Monthly Archives: July 2012

The standards process

A quote from Tim Bray:

Standards-making is a boring, bureaucratic, unpleasant process, infested by difficult people and psychopathic institutions. Some “standards” turn out to be useful; most are ignored; some are actively harmful. And looking at which organization the standard came from turns out to not be very useful in predicting what’s going to happen.

That’s the process I know – it’s a good summary. And he’s not talking about the same standards bodies I work with – but people are the same everywhere.

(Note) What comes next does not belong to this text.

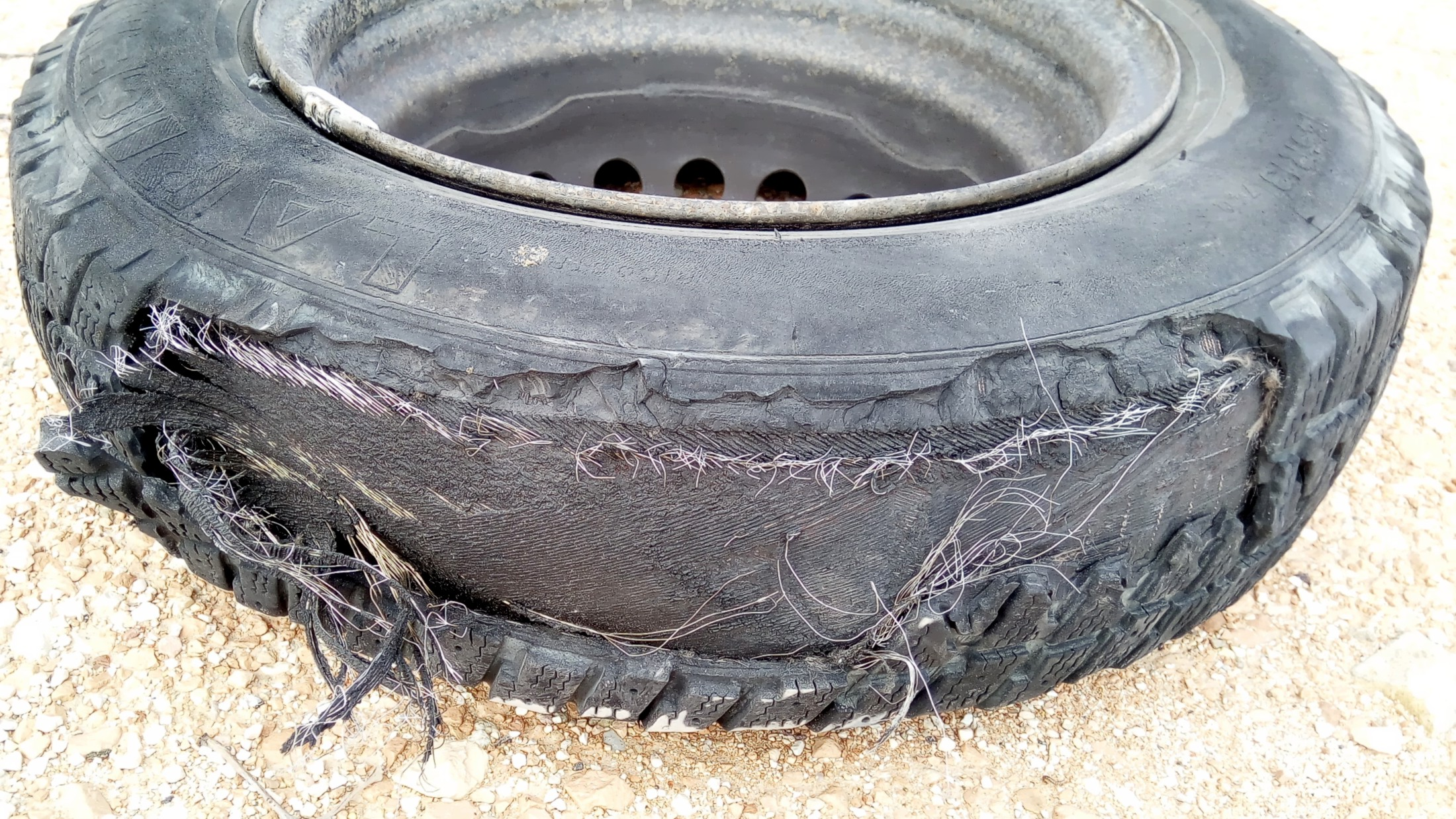 Rebuilt exploded winter tire

PBS Codes in CDA Documents: codeSystemVersion

Many of the CDA documents that will be part of the overall Australian National Electronic Health Record eco-system include medication information (including dispensing information in some cases). Many of the source systems use PBS codes to represent the medications.

For my non-Australian readers, PBS codes are the billing codes for medications used by the national prescribing funding system here in Australia. You can download the definitions here:

When represented in a CDA document, a PBS code looks like this:

<code code=”1471K” codeSystem=”″ codeSystemVersion=”??” displayName=”…”/>

What to put for codeSystemVersion? The answer is, the date of release (as published at the downloads), in the format YYYYMMDD. As of the today, the release is 1st July 2012, so the codeSystemVersion for this is 20120701. However there’s no need to put the codeSystemVersion in the CDA document – in the long run, it only complicates matters, and the few use cases that it does support are very advanced ones which are beyond current practice here in Australia.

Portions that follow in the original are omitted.